What had happened is that she had completely misread the situation. A week earlier we had played the other X-Town team in our division and had played them to a tie. Now, that team was by far the best team in our division, and coached by a very confident — to the point of arrogance — coach. The other X-Town coach had watched the game and before the game we’re talking about, she approached me to congratulate me on our play the week before. She told me that she was proud of my girls and that she hoped her team could learn from us. So, they went into the game with the attitude that they were playing a much superior team and that they would do their best to keep up with us. When our girls got tired during the second half, they did offer us to give us a player or too, but my players would have none of that. The only thing that could have been construed as unfortunate was that their assistant coaches were yelling instructions from the sidelines throughout the game.
In any case, what Ellie’s mother should have done is to approach me with her concerns, instead of taking matters into her own hands. When the other coach told me what had happened, I smoothed things over. I told her (truthfully) that this had been the first time such a thing had happened and that I would make sure it wouldn’t happen again. Maybe, I shouldn’t have done that because our league has a zero-tolerance policy but I thought she should be given some slack. Nevertheless, my email told her in no uncertain terms that such behavior is unacceptable.

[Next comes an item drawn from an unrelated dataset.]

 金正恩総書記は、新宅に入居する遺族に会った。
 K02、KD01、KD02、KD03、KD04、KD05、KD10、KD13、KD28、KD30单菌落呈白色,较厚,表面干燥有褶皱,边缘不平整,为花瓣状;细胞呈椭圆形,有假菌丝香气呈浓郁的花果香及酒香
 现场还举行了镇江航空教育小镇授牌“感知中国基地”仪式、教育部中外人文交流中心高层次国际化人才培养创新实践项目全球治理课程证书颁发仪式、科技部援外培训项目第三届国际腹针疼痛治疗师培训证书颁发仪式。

I called the coach, chagrined, like a kid apologizing to a parent or teacher for misbehaving. He was clearly angry, but polite. He said my daughter could be punished for my behavior — she could be kicked off the team. I lost my breath. I didn’t try to defend my actions. I sat in a dark room with my husband and cried. I cried for my mother, who had so much more grandmothering left to do, and for my daughter, who fought so hard to no avail, and for my own helplessness.

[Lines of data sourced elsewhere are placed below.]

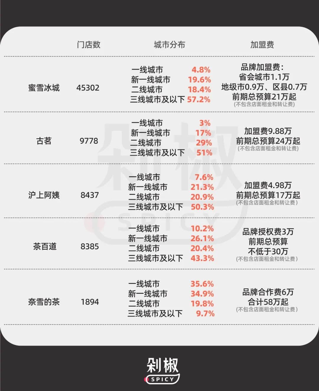如今,各大品牌跑马圈地下,蜜雪冰城等头部品牌点位铺满、加盟也渐渐放缓,或许正如一位业内人士告诉剁椒的那样,“茶饮行业已经没有市场增量了”。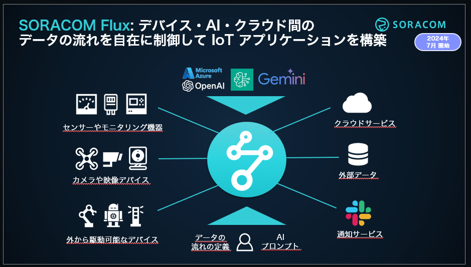 SORACOM Fluxは、デバイス・AI・クラウドをつなぎ、IoT データの流れをローコードで定義できます。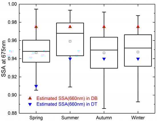To further investigate the impact of aerosol type on the accuracies of the MODIS AOD retrievals, we compared the magnitudes of single-scattering albedo (SSA) between MODIS observations and AERONET measurements. SSA is a ratio between scattering and total extinction, ranging from 0 (purely absorbing aerosols) to 1 (purely scattering aerosols). Figure 11 shows the climatological seasonal SSA (675 nm) values derived from AERONET measurements at the TH site from 2005 to 2016. With mean SSA values of ~0.96 in the summer and ~0.95 in other seasons, the study region appeared to be dominated by nonabsorbing or weakly absorbing aerosols. Obviously, the SSA tends to be underestimated in the DT algorithm (especially in spring) and overestimated in the DB algorithm (see Figure 11), leading to the overestimation of DT AOD and underestimation of DB AOD []. Such comparison could also partially explain the systematic overestimation or underestimation of MODIS AOD retrievals, as shown in Figure 4, Figure 5 and Figure 6.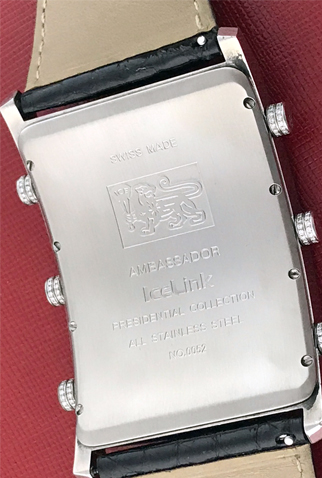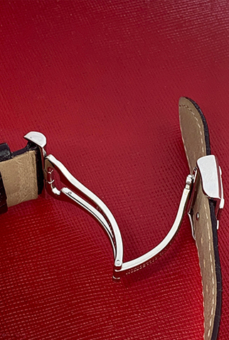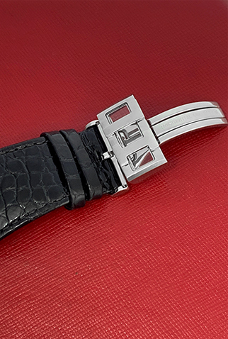 Strap: Black alligator strap with Stainless Steel IceLink deployant clasp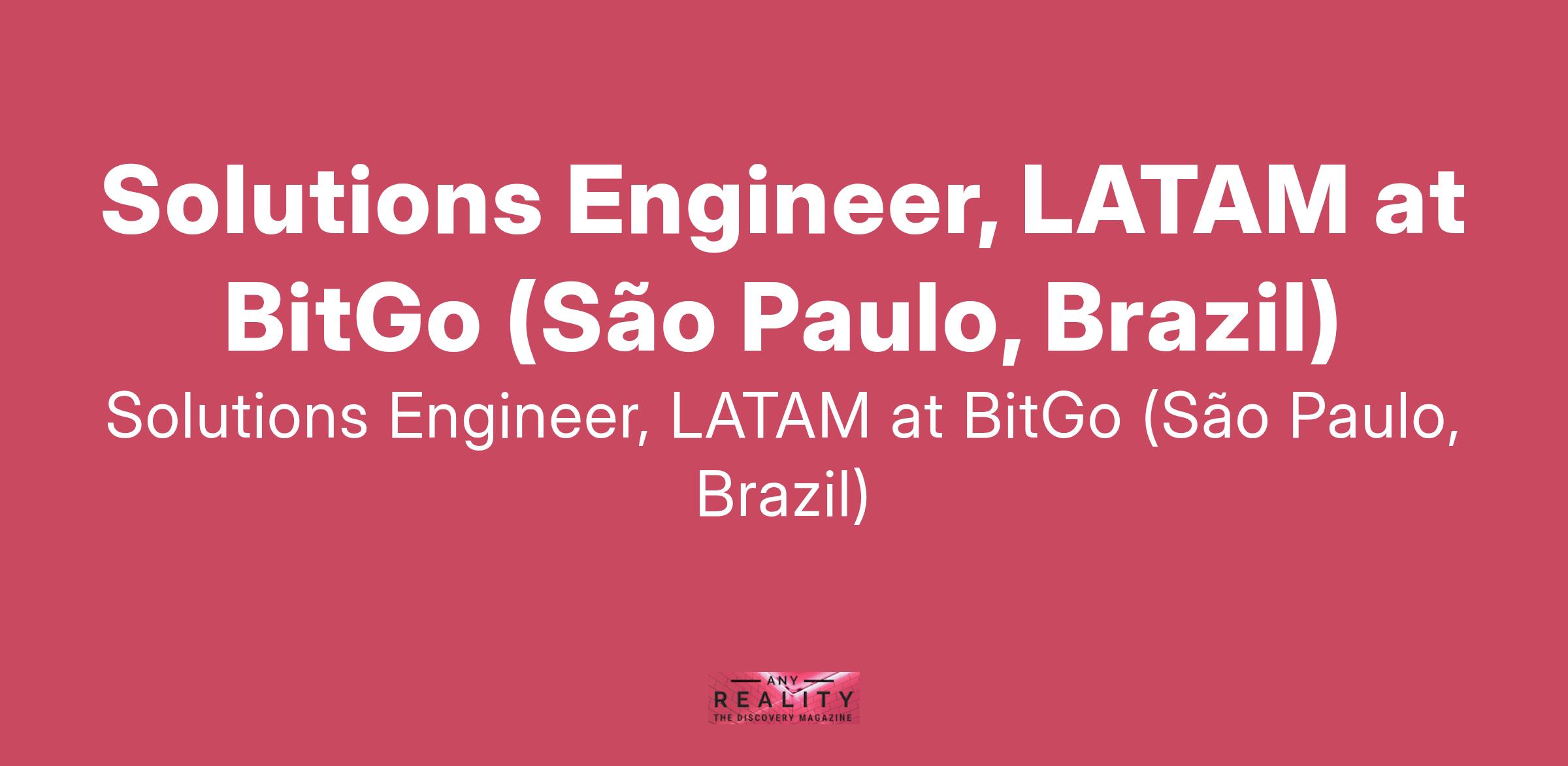Solutions Engineer, LATAM at BitGo (São Paulo, Brazil)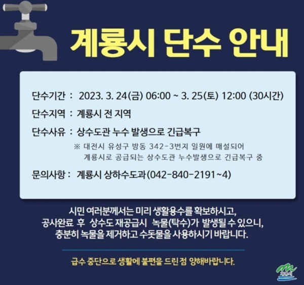 이에 따라 계룡시는 부랴부랴 지역 내 SNS를 이용해 3월 24일 오전 6시부터 25일 12시까지 30시간 단수 안내를 예고했다.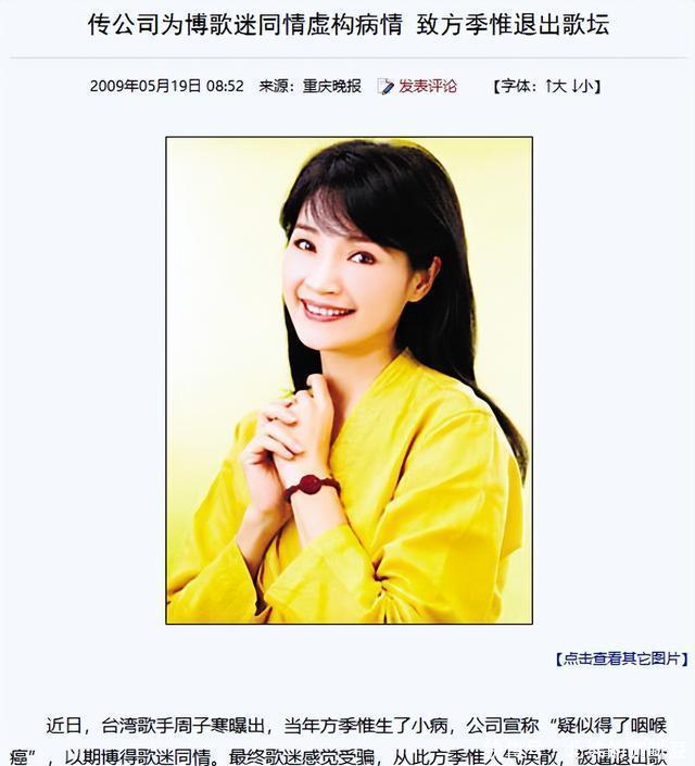 “惨遭公司背刺” 1992年,26岁的方季惟被诊断出甲状腺滤泡癌。 这个消息让她瞬间陷入绝望,可更让她心寒的还是公司的态度。 公司不仅没有安排她好好治疗,反而借着她的病情大肆炒作,立马宣布要办“告别演唱会”。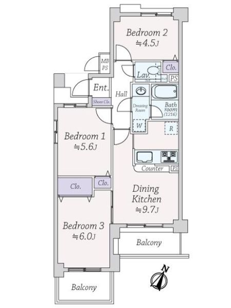 56.64㎡(約17.13坪):壁芯 |
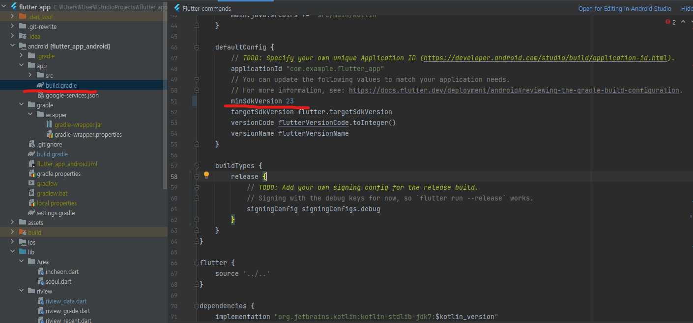 찾아보니까 flutter에서 빌드 시, 특정 라이브러리가 minsdk버전을 충족하지 못하면 위와 같은 에러가 발생하고 minSdkVersion을 올려야 한다는 사실을 알게되었습니다. 그래서 어디서 버전을 올릴 수 있나 하고 찾아봤는데

To clarify, when a parent behaves inappropriately, the only recourse that the league has is to suspend the player. And that might well have happened, if we hadn’t managed to address the situation “in house”. It would have been really sad if Ellie had been the one to suffer from her mother’s outburst. I was particularly proud of Ellie’s development over the year with my team and would have hated for that progress to be undermined.
The story concludes:
My mother died four weeks ago, and soccer is starting up again. I’m afraid of sitting on the sidelines, feeling the lack of control in my life and being judged by other parents and new coaches for my past behavior. I’m afraid soccer will remind me of how much I lost last year. But a new season holds the promise of giving me a chance to let go, and a glimpse of a future to feel optimistic about.
There is a lot of good material online about “sports rage” and tips for parents and coaches. One league even instituted a regular weekend of “silent games” where coaches and parents are not at all allowed to speak and shout — only clapping allowed. Check out some of the comments from kids in a brochure from Australia about sports rage:
“My dad is great — he just watches.”
“I don’t play anymore because mom used to yell too much. I got sick of it.”
“I play sports because it’s fun and you’ll be able to still move when you grow old.”
In other countries, much of kids’ sports occurs in unorganized pick-up games in parks and streets. I wish there was more of that here. In fact, I suspect that there is no way that US (men’s) soccer will ever reach the World Cup final until kids start playing soccer every day on their own without parental interference and coaching — the way I used to play when I was a kid in Germany.